OSHA Revises COVID-19 Recordkeeping Policy
OSHA has revised its recordkeeping requirements for employee COVID-19 cases, reversing guidance the agency published in April.
Under the revised requirements issued May 19, OSHA will enforce recordkeeping requirements for employee coronavirus illnesses for all employers.
In interim guidance released April 10, OSHA had said employers outside the healthcare industry were not required to report employee COVID-19 cases.
Now the agency says it “is exercising its enforcement discretion in order to provide certainty to employers and workers.”
“Until further notice, OSHA will enforce the recordkeeping requirements of 29 CFR 1904 for employee COVID-19 illnesses for all employers,” the agency said.
“Recording a COVID-19 illness does not, of itself, mean that the employer has violated any OSHA standard. And pursuant to existing regulations, employers with 10 or fewer employees and certain employers in low hazard industries have no recording obligations.

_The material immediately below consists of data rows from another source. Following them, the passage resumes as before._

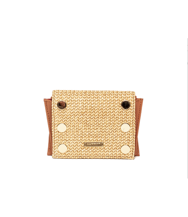 Crafted from chaparral raffia with medium tone tan brown pebbled leather and mosaic brown pebbled leather accents, this wallet blends natural texture with refined details. Signature front rivets, shiny gold hardware, and Hammitt’s signature red cotton twill lining complete the design.
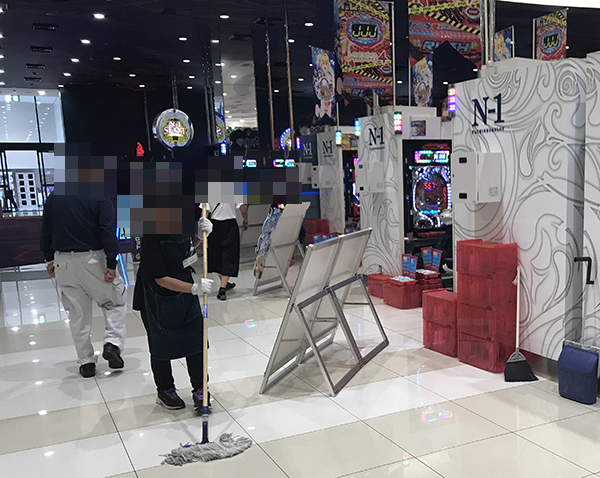 遊技スペースや通路、トイレなど、ホール内のすみずみまで清潔じゃった「エヌワン郡山店」。スタッフが丁寧に清掃をしている姿からは、環境面に対する意識の高さもうかがえた。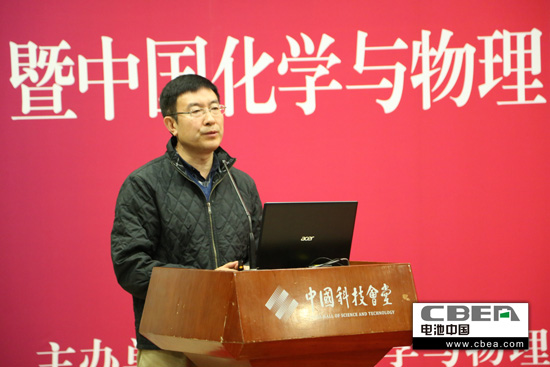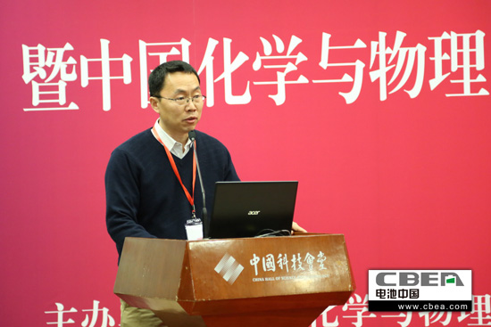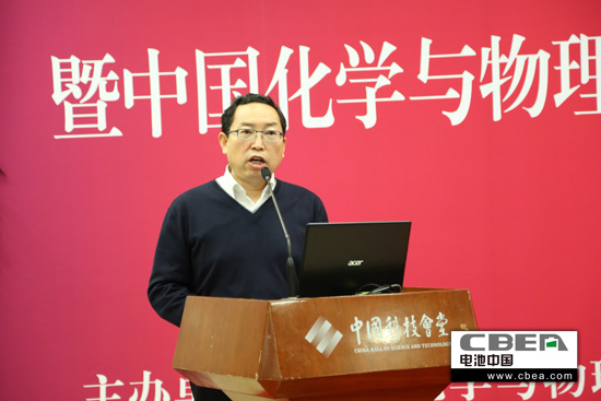 圖為中國科學院物理所國家實驗室副主任、研究院李泓做主題演講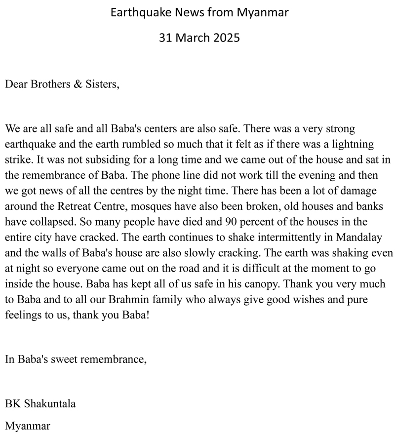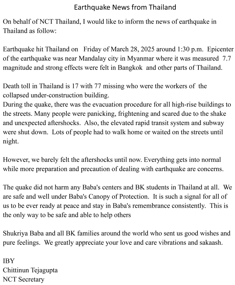 Sister Chittinun, can you draft a message on behalf of the Thai NCT to send to the International rosary about the news of earthquake in Bangkok. If you can draft as soon as possible and first send to the NCT for approval and then to Maureen and Kim in London to send to the world. Everyone is asking how you are. จากอินเดีย Dear All, Karunabhaiji and Asha Didi (ORC) called to ask about Earthquake here and conveyed message to all...be safe with Baba and take care.(แหง่ม) Om Shanti. Received voice message from Asha Didi. It is in Hindi hence not posting here. Got call from Suraj bhai and others from Madhuban asking for Baba’s children in view of earthquake today afternoon. Thanks. (Br.Kairash) Video call from Brijmohanbhaisaab waving hand to all BKs in Thailand after knowing about earthquake here...We r so lucky in Brahmabhumi which is part of Bharat.(แหง่ม) จาก Muritius, Australia Turkey รวมทั้ง China, Vietnam I read about earthquake....hope all ok Dear Sister La How’s everything there ? Hope all Baba’s children are fine. Sending Sakash with good wishes Hope you are all safe and sound in Baba's canopy 🙏🏻🙏🏻🙏🏻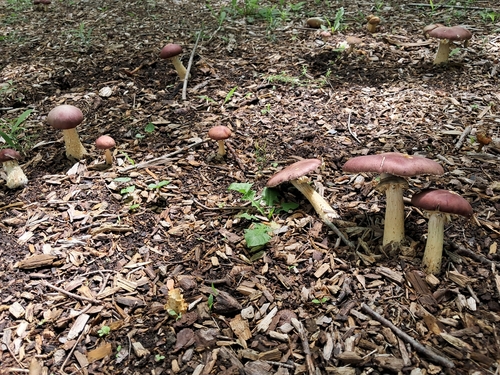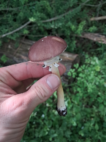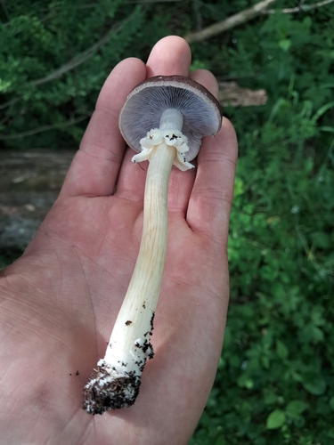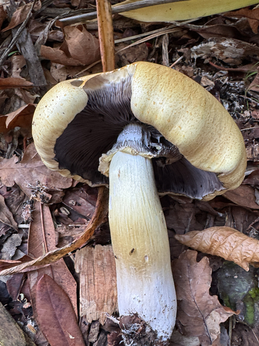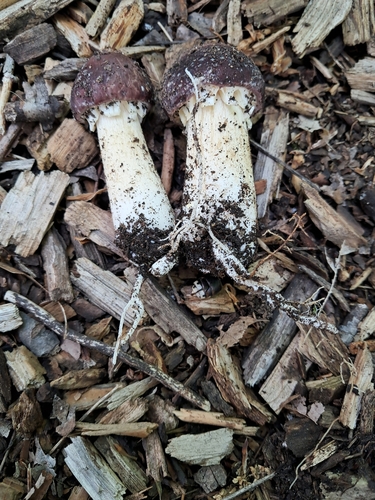 Der Stiel ist braun-weiß-gelb-orange. Besondere Merkmale: Ring, hohl, Wurzelbasis, faserig.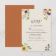 Elégant, moderne, botanique, rustique mariage floral RSVP avec fleurs d'aquarelle, tournesols, verdure et terre cuite fond orange brûlé.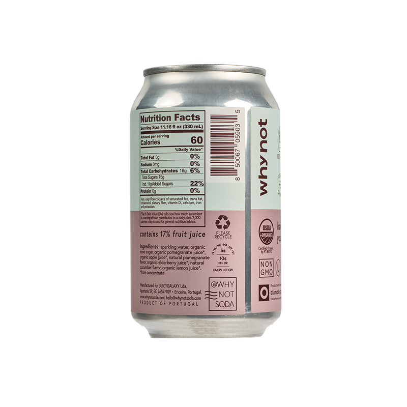 sparkling water, organic cane sugar, organic pomegranate juice*, organic apple juice*, natural pomegranate flavor, organic elderberry juice*, natural cucumber flavor, organic lemon juice*.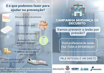 Com os estudos das viabilidades realizadas, os autores adotaram uma abordagem multifacetada para institucionalizar a mudança de decúbito de 2 em 2 horas, como preconizado pela Anvisa, 2023(11). Com a intenção de melhorar a adesão à fase educativa, os discentes realizaram dois momentos com toda a equipe in loco, no horário de trabalho, no formato de roda de conversa.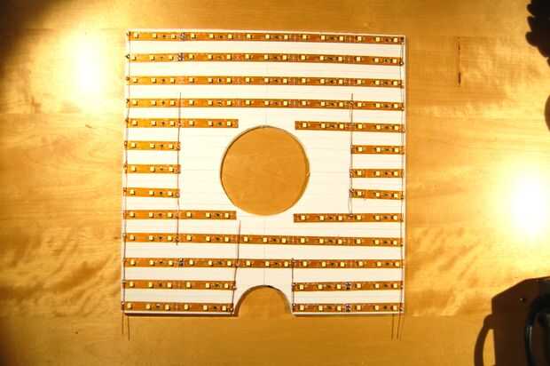 Recuerde que usted necesita cortar la tira de LED en los lugares marcados. Esto significa que usted no llena toda el área alrededor de características como el círculo en el centro. Yo pude han añadido otra pequeña franja va en ángulo recto a la derecha de las otras tiras alrededor del agujero para llenar el vacío, pero tengo vagos!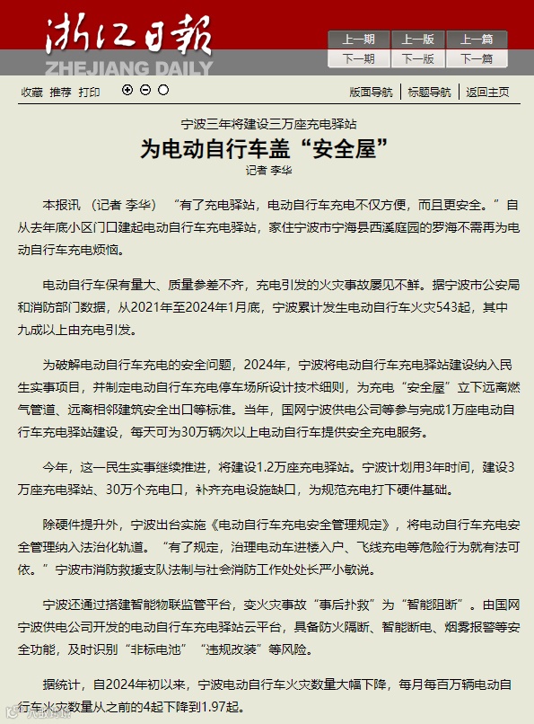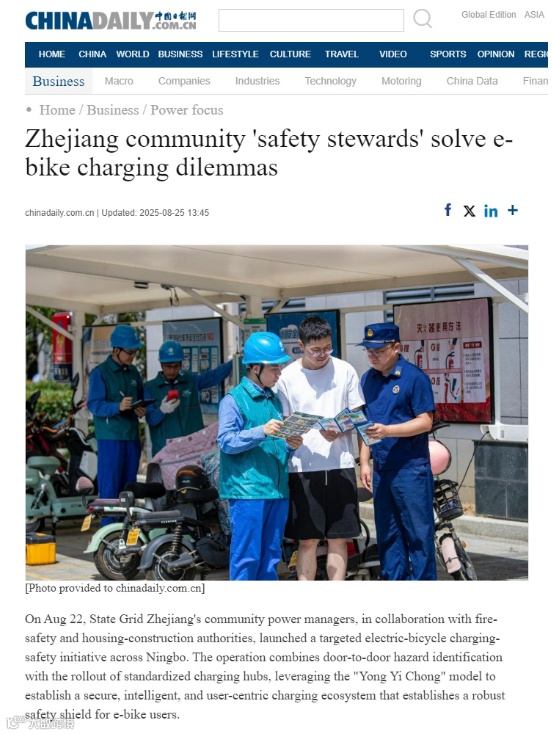 为解决居民充电难题而打造的电动自行车充电驿站,因其安全、便捷与智能化特色,登上了《浙江日报》、《中国日报》英文网、新华社等具有外宣影响力的平台,体现了公司在民生服务领域的细致关怀。

“They need only report work-related COVID-19 illnesses that result in a fatality or an employee’s in-patient hospitalization, amputation, or loss of an eye.”
Recordable Illness
As coronavirus is a recordable illness under OSHA’s recordkeeping requirements, employers are responsible for recording cases if:
- It is confirmed as a coronavirus illness
- It is work-related as defined by OSHA standards
- It involves one or more of OSHA‘s general recording criteria, such as medical treatment beyond first aid or six days away from work
OSHA said its new enforcement guidelines were issued as more businesses began reopening in areas of the country reporting lower virus transmission rates.
“The rate of new cases, new hospitalizations, and deaths are decreasing in most parts of the country,” OSHA officials said.

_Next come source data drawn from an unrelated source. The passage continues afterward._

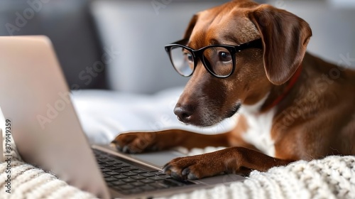 Canine Productivity - Diligent Pet Typing on Laptop with Focus and Determination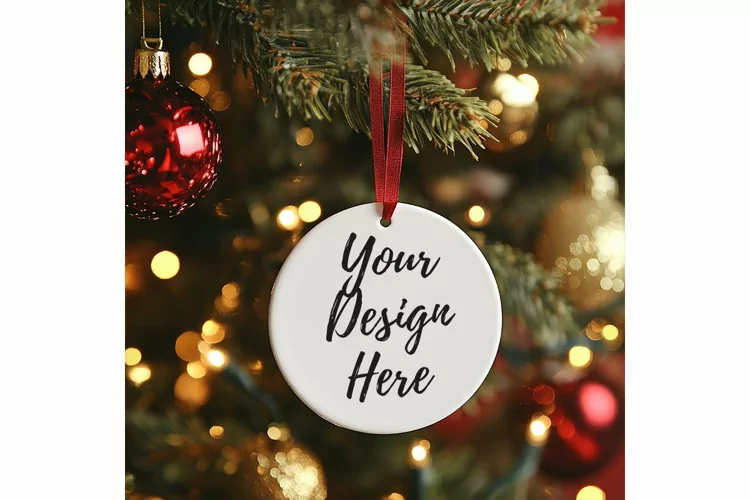 Christmas Ornament Mockup, Round White Ceramic Ornament_17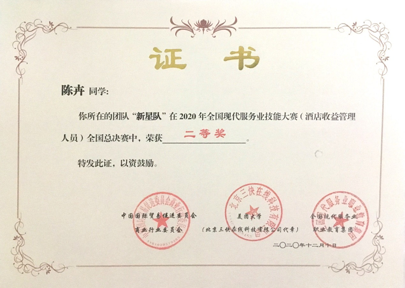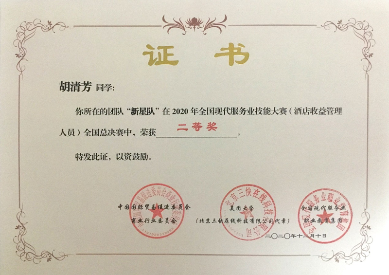 (本网讯 陈卉)2020年12月10日,2020年全国现代服务业技能大赛(酒店收益管理人员)全国总决赛在北京中航资本大厦举办。英国365集团官网2017级酒店管理专业本科生陈卉、胡清芳代表公司参加比赛。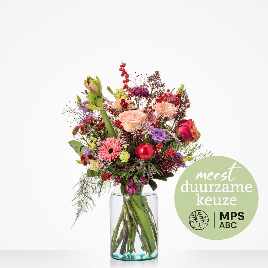 Met een extra duurzaam boeket bloemen denk je aan de toekomst. Het boeket is voor 100% samengesteld met bloemen die op de meest duurzame manier geteeld zijn. Ieder boeket is uniek, want wordt samengesteld met duurzame bloemen die op dat moment veilingvers beschikbaar zijn.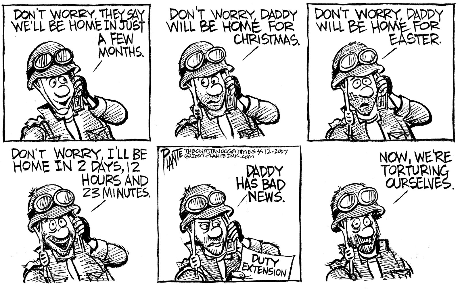 Tags/Keywords Afghanistan, Duty Extension, Extended Duty, Iraq, U.S. Troops, FILE: PlantB20070415 Reprint This CartoonBuy A PrintBuy The Original REPRINT THIS CARTOON Fill out the info below and I'll be in touch ASAP Your Name (required) Your Email (required) Details, Print, Digital, Circulation, etc. Please leave this field empty. BUY A PRINT OF THIS CARTOON Fill out the info below and I'll be in touch ASAP Your Name(required) Your Email(required) Details, Number of copies, Questions. Please leave this field empty. BUY THE ORIGINAL Originals may or may not be available. Fill out the info below and I'll be in touch ASAP Your Name (required) Your Email (required) Your Message Please leave this field empty.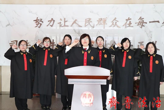 齐鲁法治(东营讯)李春军 3月10日是第二个“女法官国际日”,为全面展现女法官积极投身新时代法院建设的职业风采和良好形象,进一步增强女法官的职业尊荣感、使命感和责任感,东营利津法院组织全体女法官举行宪法宣誓仪式。

“OSHA staff will continue to prioritize COVID-19 inspections, and will utilize all enforcement tools as OHSA has historically done.”
‘Reasonable’ efforts
OSHA’s latest guidance emphasizes that employers must make reasonable efforts, based on available evidence, to determine whether a particular case of coronavirus is work-related.

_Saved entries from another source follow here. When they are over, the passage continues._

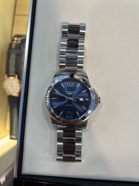 手錶型號:conquest石英 43mm 藍面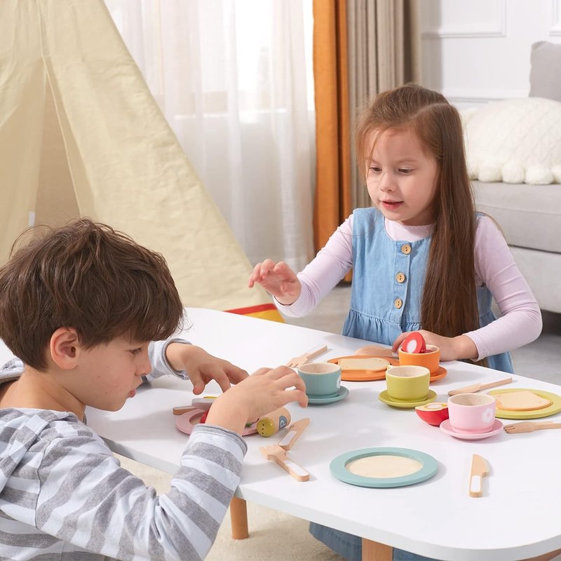 - 27 PIECES, SERVING 4 - the wooden dinnerware set for toddlers comes with total 27 pieces,intend to serve 4,including plates, knifes, forks, spons, salt, piper,cups and saucers so kids can host a pretend dinner party. With a storage bag, knifes, forks and spoons can be easily preserved.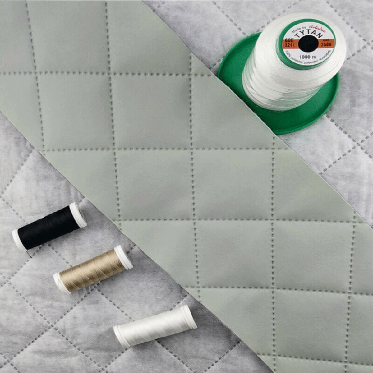 Le motif est obtenu par piquage direct à l’aiguille, à travers les différentes couches du tissu. Ce procédé crée une texture visible et régulière. D’autres motifs ou configurations sont disponibles sur demande – contactez-nous pour des réalisations sur mesure.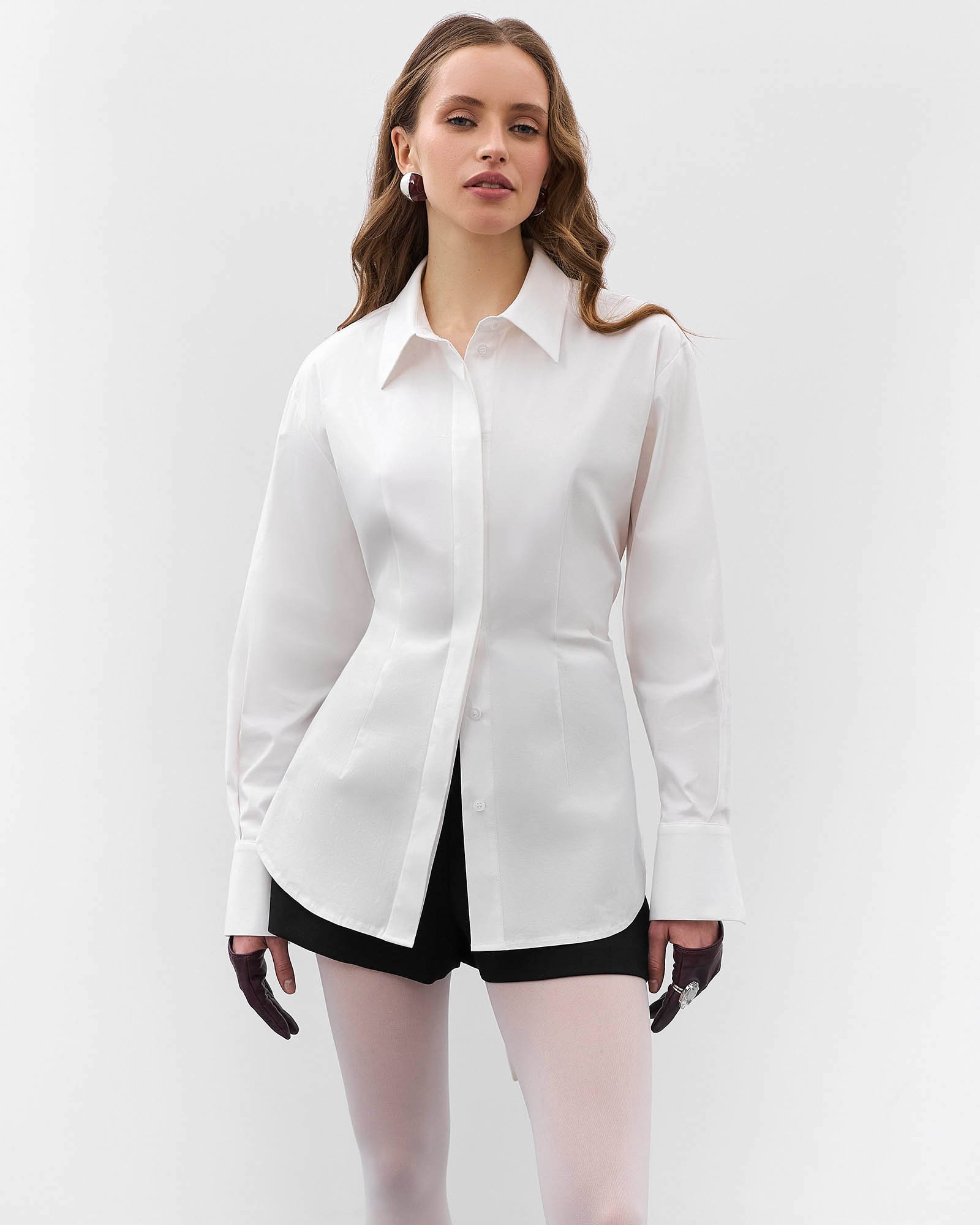 Однотонна сорочка приталеного крою із зав'язкою ззаду. Модель з класичним відкладним коміром, довгими рукавами з широкими манжетами, скругленим...

“If, after the reasonable and good faith inquiry … the employer cannot determine whether it is more likely than not that exposure in the workplace played a causal role with respect to a particular case of COVID-19, the employer does not need to record that COVID-19 illness,” officials said.
“In all events, it is important as a matter of worker health and safety, as well as public health, for an employer to examine COVID-19 cases among workers and respond appropriately to protect workers, regardless of whether a case is ultimately determined to be work-related.”